CNStats - the best solution for the site statistics problems
The article is dedicated to means and ways of site statistics acquisition.
The site statistics, as used here, is the visitors' data accumulation along with an instrument for the attendance analysis.
Your web-site visitors are subdivided into two large categories: users and search bots.
|We'd like many interested people to visit our web-site.|
Users are people visiting your site by means of browsers. As a rule, users download the whole web-pages, view pictures and work with java-script. These are the most profitable customers; you should possess the detailed information about them.
|We'd like our site to be found easily by means of search engines (key words, first outcome). Therefore it's very significant for us to track robots activity on our web-site. We want to create the site SEO - Search Engine Optimization in order to optimize the site for search bots.|
Search bots (robots or crawlers) are applications, performing tasks of search engines and directories. Bots attend all sites for the purpose of updating the search index: they download your web-site pages and due to them your site can be found in Google, for instance.

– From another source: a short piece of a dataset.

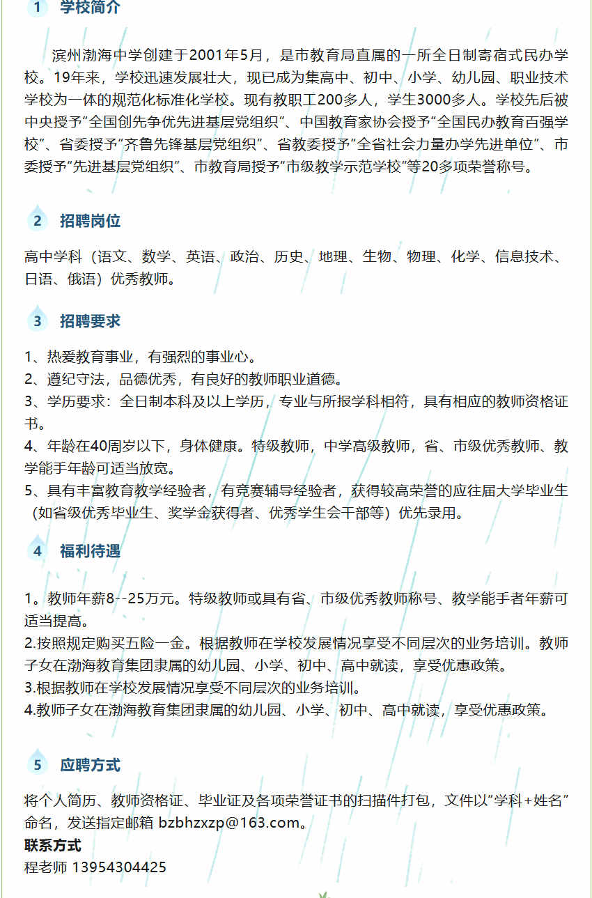 滨州渤海中学高中部校园招聘

The main peculiarity of the bots is as follows: they don't download pictures, as the latter are not required for search index.
There are three ways of the attendance statistics accumulation:
- Web-server log-files;
- Data accumulation in the local database (CNStats);
- Data accumulation in an off-site statistics server.
Data accumulation in an off-site statistics server
There are two key-words: "counter" and "off-site". "Off-site" means that all the information will be stored on a remote server (security problems arise); statistics precision will depend on communication channels reliability and the server software. "Counter" denotes that you should install html-code displaying the picture, located at the remote server, onto your server. Therefore robots are automatically excluded from the list of our visitors.
Thus, a remote statistics server can be useful only in the following situations:
- Participation in the rating of sites with similar subjects (attraction of visitors viewing ratings);
- Impossibility to install your own statistics accumulation and analysis system.
Note: Some servers try to substitute a picture for various inclusions (for instance, php-code may be added to your code). This is a good tendency, but you should be careful about the server being an off-site one. It means that the slightest failure of the remote server can disable your own server.
The key concept is as follows: log-files can never be waste. Generally speaking, it's the only correct way for data statistics storage for a long period of time (a year or more). However, log-file is not a site statistics; it's just source data. An application is required for these files. There are two types of such applications:
- Programs running on a web-server, where the site is located;
- Programs, which require log-file to be downloaded to Windows computer for local analysis.
General fault of these applications is the impossibility to fulfill on-line monitoring of the site functioning.
File downloading is rather complicated and disadvantageous.
There is also an apt variant of setting the logs rotation on the server according to the desired storage period and current contents, and then using free log analyzer on the server side. Free analyzer should be able to function efficiently, to set analysis time periods and fulfill the condition search; this will be quite enough.
Note: you shouldn't store all data for all the period. In practice, logs just occupy space at your disks. There are a lot of useless information; for instance, pictures downloading data. 30-60 days for a storage period will be quite enough in 99.999% cases.
Thus, log-file should be used in case it's necessary to store all the requests data for all the period of the time functioning.
Data accumulation in the local database
This is the only way which allows counting both robots and users, as well as monitoring and analysis of their functions right at the moment of action taking place. Instant access is available to any attendance data, stored in the database.
There seems to be a subtle moment - database efficiency and advanced complexity of the contents. However, it is enough to set the system once and for all. As far as database efficiency is concerned: if your web-site works with this database, then the statistics will also function as a part of the site.
Thus, data accumulation in the local database is a very convenient way for the following sites:
- Commercial sites, where on-line monitoring of the visitors is significant;
- Newly created sites;
- Small and average sites (about 10 000 unique hosts per day) using database for their core function.
We have considered here only means of statistic data accumulation; the statistics applications functions will be examined further in the next article.
Finally, we'd like to mention commercial constituent of your site. In any case, you spend money on the site. The site statistics should earn you profit. Here are the questions more useful than any explanations:
External counter, off-site statistics servers: Whom do you bring profit to, using external counters? Whom does the picture advertise? Whom do you raise citation index to? Whom do you pay and what do you get in return?
Server log-files: What do you store gigabytes of logs for? What is the profit of occupying the server place? How often do you have to search logs more than of monthly term? Is it convenient? Are log processing applications efficient enough? Do you always respond visitors' actions immediately?
Data accumulation in the local database: Does you database experience any critical overloads or stay idle? Do you need on-line visitors monitoring? Is it sufficient for you to analyze robots activity in the site?